Explain how the previous two parts show that \(B^{\tr}\) is the inverse of \(A^{\tr}\text{,}\) so that \(A^{\tr}\) is invertible. So we have shown that if statement I is true, so is statement II. 25 

(b)

Now we prove that if statement II is true, then so is statement I. So we assume statement II. That is, we assume that the matrix \(A^{\tr}\) is invertible. We could do this in the same manner as part (a), or we could be a bit clever. Let's try to be clever.

(i)

What matrix is \(\left(A^{\tr}\right)^{\tr}\text{?}\)

(ii)

Why can we use the result of part (a) with \(A^{\tr}\) in place of \(A\) to conclude that \(A\) is invertible? As a consequence, we have demonstrated that \(A\) is invertible if \(A^{\tr}\) is invertible. This concludes our argument that statements I and II are equivalent.

Subsection The Invertible Matrix Theorem

We have been introduced to many statements about existence and uniqueness of solutions to systems of linear equations, linear independence of columns of coefficient matrices, onto linear transformations, and many other items. In this section we will analyze these statements in light of how they are related to invertible matrices, with the main goal to understand the Invertible Matrix Theorem.

Recall that an \(n \times n\) matrix \(A\) is invertible if there is an \(n \times n\) matrix \(B\) such that \(AB = BA = I_n\text{,}\) where \(I_n\) is the \(n \times n\) identity matrix. The Invertible Matrix Theorem is an important theorem in that it provides us with a wealth of statements that are all equivalent to the statement that an \(n \times n\) matrix \(A\) is invertible, and connects many of the topics we have been discussing so far this semester into one big picture.

The Invertible Matrix Theorem is a theorem that provides many different statements that are equivalent to a matrix being invertible.
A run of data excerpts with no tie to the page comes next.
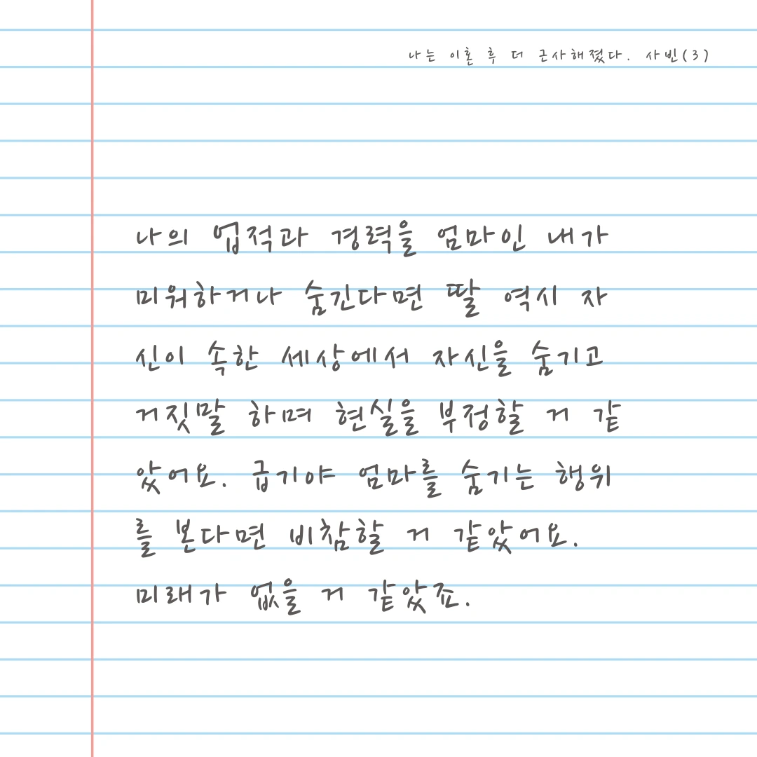 필사적으로 노력한 엄마 모습을 볼 때마다 이해가 되지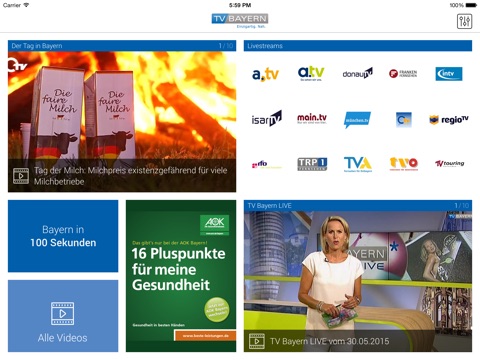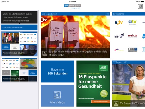 Sehen Sie alle Programme der bayerischen Regionalsender im 24-Stunden Livestream. Wählen Sie Ihre individuellen Nachrichten- und Videokategorien aus und speichern diese auf Ihrem App-Screen. Entscheiden Sie sich für einen Homescreen Ihrer Wahl mit jeweils individueller Darstellung der Nachrichten- und Videoinhalte.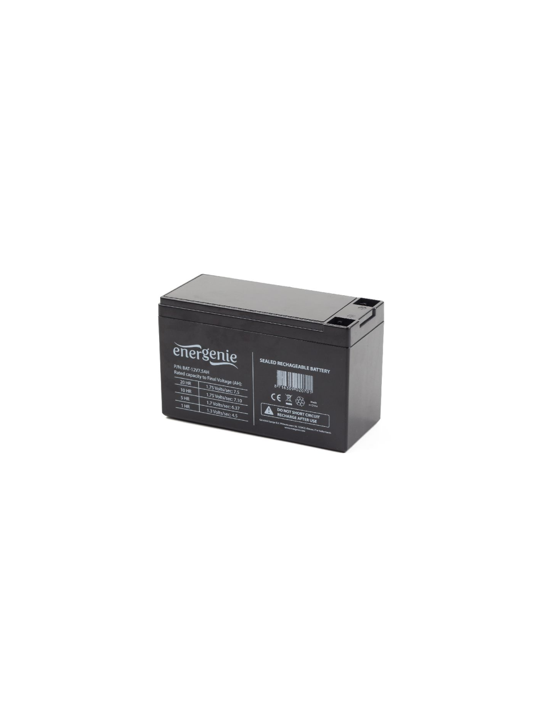 Gembird BAT-12V7.5AH. Voltaje de la pila: 12 V, Número de baterías incluidas: 1 pieza(s), Color del producto: Negro. Certificados de conformidad: RoHS. Peso: 2,8 kg, Ancho: 94 mm, Altura: 65 mm. Ancho del paquete: 150 mm, Altura del paquete: 75 mm, Profundidad del paquete: 225 mm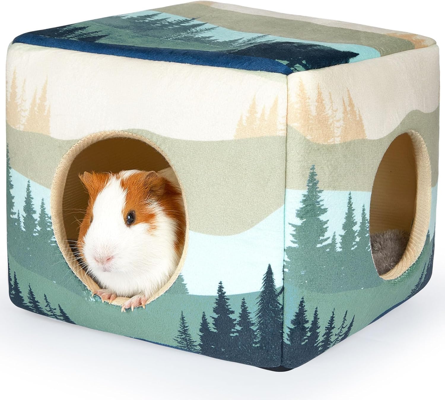 Bienbee Guinea Pig Hideout, Washable Guinea Pigs House Cozy Guinea Pigs Bed for Small Pet Bunny/Rabbit/Hamster/Chinchilla Guinea Pig Accessories Forest Landscape

As discussed in Preview Activity 11.1, two statements are said to be equivalent if, whenever one of the statements is true, then the other is also true. So to demonstrate, say, statements I and II are equivalent, we need to argue that

  • if statement I is true, then so is statement II, and

  • if statement II is true then so is statement I.

The Invertible Matrix Theorem, however, provides a long list of statements that are equivalent. It would be inefficient to prove, one by one, that each pair of statements is equivalent. (There are \(\binom{14}{2} = 91\) such pairs.) Fortunately, there is a shorter method that we can use.

Activity 11.2.

In this activity, we will consider certain parts of the Invertible Matrix Theorem and show that one implies another in a specific order. For all parts in this activity, we assume \(A\) is an \(n\times n\) matrix.

(a)

Consider the following implication: \((2) \implies (6)\text{:}\) 26  If the equation \(A \vx = \vzero\) has only the trivial solution, then the columns of \(A\) are linearly independent. This shows that part 2 of the IMT implies part 6 of the IMT. Justify this implication as if it is a T/F problem.

(b)

Justify the following implication: \((6) \implies (9)\text{:}\) If the columns of \(A\) are linearly independent, then the matrix equation \(A\vx =\vb\) has exactly one solution for each vector \(\vb\) in \(\R^n\text{.}\)

(c)

Justify the following implication: \((9) \implies (4)\text{:}\) If the equation \(A \vx = \vb\) has exactly one solution for every vector \(\vb\) in \(\R^n\text{,}\) then the columns of \(A\) span \(\R^n\text{.}\)

(d)

Justify the following implication: \((4) \implies (2)\text{:}\) If the columns of \(A\) span \(\R^n\text{,}\) then the equation \(A \vx = \vzero\) has only the trivial solution.

(e)

Using the above implications you proved, explain why we can conclude the following implication must also be true: \((2) \implies (9)\text{:}\) If the equation \(A \vx = \vzero\) has only the trivial solution, then the matrix equation \(A\vx =\vb\) has exactly one solution for each vector \(\vb\) in \(\R^n\text{.}\)

(f)

Using the above implications you proved, explain why any one of the implications \((2)\text{,}\) \((6)\text{,}\) \((9)\text{,}\) and \((4)\) implies any of the others.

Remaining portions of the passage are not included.